Cruz is also a Canadian citizen, according to the Canadian law experts the Morning News spoke with. Under the Citizenship Act of 1947, anyone born in Canada is automatically granted citizenship at birth unless their parent was a foreign diplomat. (Cruz’s parents were not.) Or, more simply, as University of Montreal law professor France Houle put it: “If a child was born in the territory, he is Canadian, period.”

There’s nothing in the U.S. Constitution that bars anyone with dual citizenship from becoming president, but the simple fact that Cruz could claim a Canadian passport or one day vote in a parliamentary election is unlikely to sit well with those who were already doing their best to dub him “Canadian Ted.” Still, there appears to be an easy fix if Cruz wants one: He can formally renounce his Canadian citizenship by filling out a four-page form and paying $100.

Whether Cruz will do that, however, remains to be seen.

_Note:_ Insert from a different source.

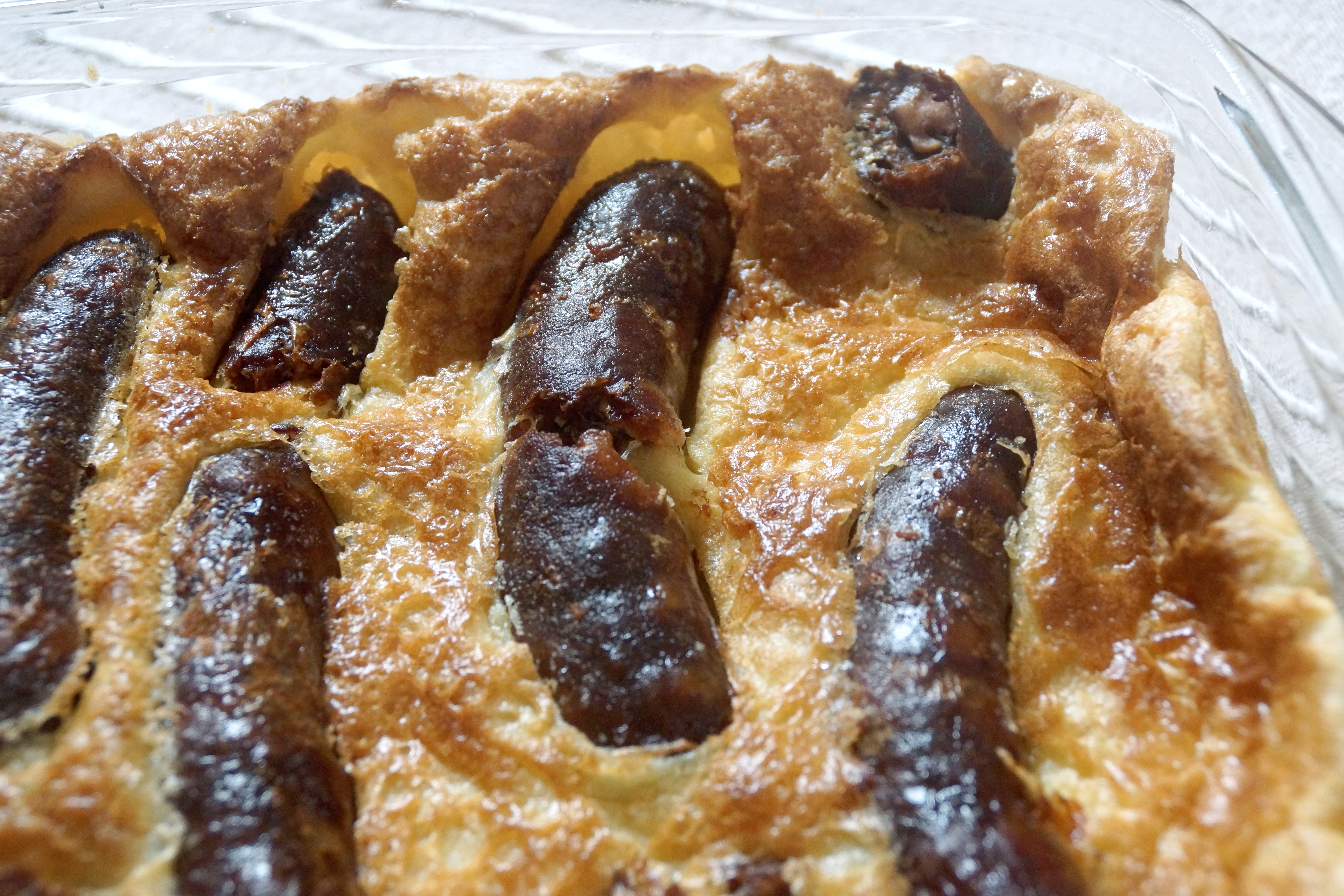 Hello! J’espère que vous allez bien?! Aujourd’hui je vous propose une recette trouvée dans un livre British; elle est ultra simple, ne prend pas réellement de temps à faire et surtout elle change de ce que l’on a l’habitude de manger! Pour ceux qui se méfient de la cuisine d’Outre Manche je trouve que commencer avec ce plat est une bonne idée. Moi j’vous dis que vous allez aimer ces saucisses sur pâte à crêpe et quand vous aurez des invités vous voudrez leur faire goûter… (Oui, je vous l’accorde, ça a l’air un peu gras, mais chuuut ça se sent pas!)

As of Sunday night, his office claimed to be unaware that the Texas Republican is technically still a Canadian citizen. “Senator Cruz became a U.S. citizen at birth, and he never had to go through a naturalization process after birth to become a U.S. citizen,” spokeswoman Catherine Frazier told the Morning News. “To our knowledge, he never had Canadian citizenship, so there is nothing to renounce.”